I moved from a proportional-representation country to a FPTP one (Canada) and it's so much better to have a specific individual who is my MP.
Back where I was born, there's a grey and anonymous party list of people selected by extremely dubious internal party political means. I never felt the slightest bit represented; and the political process was completely opaque.
Now I have a dude with a newsletter, an email address, and an office.
The Anonymous Party list, and opaque process are not inherent factors on any of the replacements for FPTP, in fact the only one WITH the list was supposed to be an open list, and that was the system with the least political support.
Ranked/alternate voting, STV and other options directly address the issues with FPTP without introducing the drawbacks of MMP/unelected leaders being selected for seats.
Ranked voting is a majoritarian variant of FPTP that doesn't fix many of the flaws of FPTP. There is still the flaw of "favourite betrayal" that induces a need to vote "strategically".
Single Transferable Vote involves ranking candidates but is a Proportional System.
STV does a much better job of it and is why I was strongly in support of STV over AR/MMP or other options.
Countries with multiple small parties frequently seem to collapse into political torpor where nothing ever changes.
2 parties means power tends to jump back and forth due to the recent ruling party doing badly vs the opposition actually providing an alternative and compelling change. This means parties tend to "lose" more than actually "win" elections.

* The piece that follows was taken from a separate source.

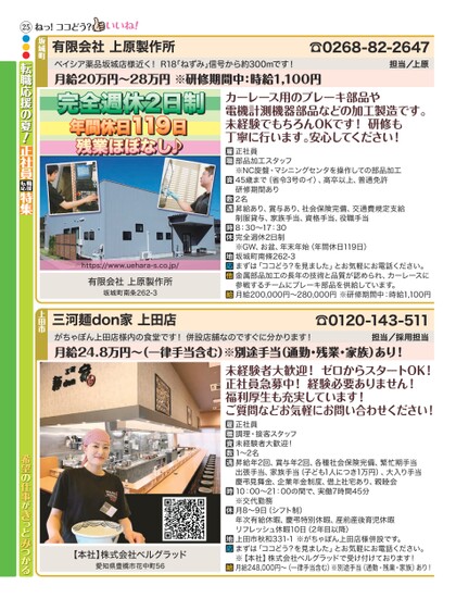 ☎0268-82-2647担当/上原カーレース用のブレーキ部品や電機計測機器部品などの加工製造です。未経験でもちろんOKです!研修も丁寧に行います。安心してください!正社員部品加工スタッフ※NC旋盤・マシニングセンタを操作しての部品加工45歳まで(省令3号のイ)、高卒以上、普通免許研修期間あり2名昇給あり、賞与あり、社会保険完備、交通費規定支給制服貸与、家族手当、資格手当、役職手当8:30〜17:30完全週休2日制※GW、お盆、年末年始(年間休日119日)坂城町南條262-3まずは「ココどう?を見ました」とお気軽にお電話ください。金属部品加工の長年の技術と品質が認められ、カーレースに参戦するチームにブレーキ部品を供給しています。月給200,000円〜280,000円※研修期間中:時給1,100円https://www.uehara-s.co.jp/有限会社上原製作所坂城町南条262-3三河麺don家上田店☎0120-143-511がちゃぽん上田店様内の食堂です!併設店舗なのですぐに分かります!月給24.8万円〜(一律手当含む)※別途手当(通勤・残業・家族)あり!担当/採用担当未経験者大歓迎!ゼロからスタートOK!正社員急募中!経験必要ありません!福利厚生も充実しています!ご質問などお気軽にお問い合わせください!正社員調理・接客スタッフ未経験者大歓迎!1〜2名昇給年2回、賞与年2回、各種社会保険完備、繁忙期手当出張手当、家族手当(子ども1人につき1万円)、大入り手当慶弔見舞金、企業年金制度、借上社宅あり、親睦会10:00〜21:00の間で、実働7時間45分※交代勤務月8〜9日(シフト制)年次有給休暇、慶弔特別休暇、産前産後育児休暇リフレッシュ休暇10日(2年目以降)上田市秋和331-1※がちゃぽん上田店様併設です。まずは「ココどう?を見ました」とお気軽にお電話ください。※【本社】株式会社ベルグラッドで受け付けております!月給248,000円〜(一律手当含む)※別途手当(通勤・残業・家族)あり!【本社】株式会社ベルグラッド愛知県豊橋市花中町56ベイシア薬品坂城店様近く!R18「ねずみ」信号から約300mです!月給20万円〜28万円※研修期間中:時給1,100円有限会社上原製作所坂城町ねっ!ココどう?25●●●転職応援の夏!正社員転職応援特集上田市希望の仕事がきっとみつかる

2 dominant parties when one side of the spectrum is split among 2-3 parties tends to allow a smaller minority to achieve stronger governments which is not representative. I.E the split on the right in the 90's allowed the Liberals to have many successive majority governments despite less than 50% of support for many of those elections. In the aughts the alliance and PC merger turned that around and now the NDP and Liberals tend to split the left to a degree and the right can win a strong majority with 35-38% of the actual vote. This doesn't benefit any side long term.

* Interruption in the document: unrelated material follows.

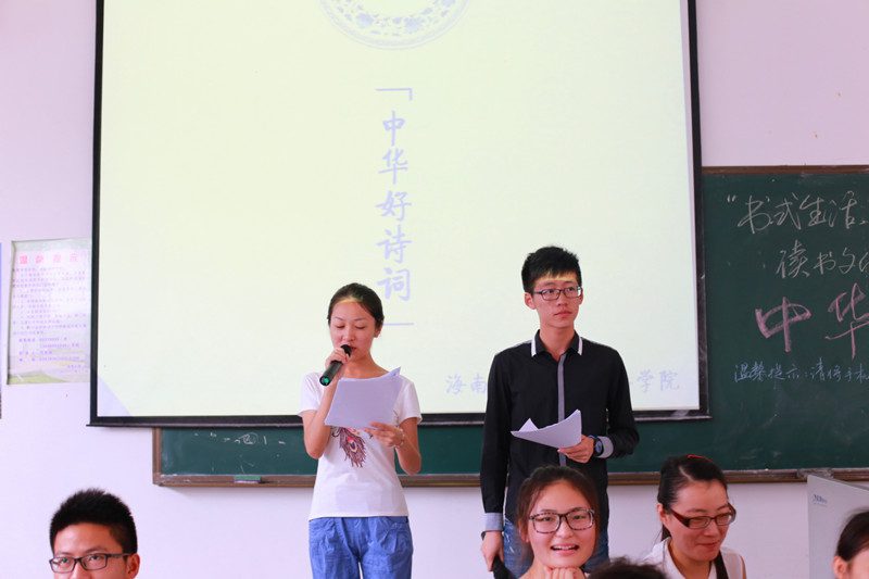 学工办熊文军老师为大赛致辞。他提到:作为文学院的一名学生, 学习传承文化经典是我们义不容辞的责任,而学习诗词歌赋也是培养我们知识素养和人文情怀的有效途径。他希望同学们都能走下网络,通过阅读经典,全面提升我们的文化修养,通过传承经典,让青春更加深厚,做中华优秀文化传播的永恒使者。熊老师的致辞结束后,一场文化大餐正式上演。各位选手思维敏捷,思路清晰明确,知识储备极为丰富。他们在这场文化之战中享受着知识的快乐,展示着一个人文学子应有的风采和魅力。破阵子,少年游,丑奴儿,六州歌头,望江南,苏幕遮,雨霖铃,烛影摇红。一首首,一句句,在场的每一个人无不为中华诗词的魅力所深深的吸引。激烈的比拼,文化的碰撞也引领着各位观众投入其中。比赛现场,文化氛围浓厚,现场气氛热烈活泼。 汉字永存,国魂常在,中文承载着整个华夏的生命。诗词常咏,陶冶心智,让你我的心灵永远秀美清纯。本次的“中华好诗词”竞赛活动不仅仅是一次展现人文学子魅力与高尚情怀的舞台,更是我们文学学者致敬文化的一种方式。在中华诗词的世界里我们高歌大放,抒万世豪情,祝愿人文学子能在传承中华优秀文化的道路上越走越远!

"getting things done" isn't always the best metric for a political party, especially when they don't have the public support for their changes.
STV or various other methods that allow proportional results while maintaining current representation and government size were the best outcome, but didn't benefit the liberals so they dropped it.
You are all in the same boat in a sense that’s more local and less abstract than with proportional rep.
Which is why voting needs to be effective, and FPTP is exactly why there are so many "safe" ridings for the various parties.
Comparing FPTP to a worse system and decided FTPT is awesome while ignoring its known and widely discussed flaws surprises me. Its not really open for debate these days although people love to reject reality.
Whenever I see something is not open for debate, I view it with a lot more skepticism. Almost always, this type of framing, to make an idea untouchable, leads to abuse. We saw this in a lot of the “trust authorities” type messaging in the pandemic.
Do you realize how alienating this shit is to a centrist?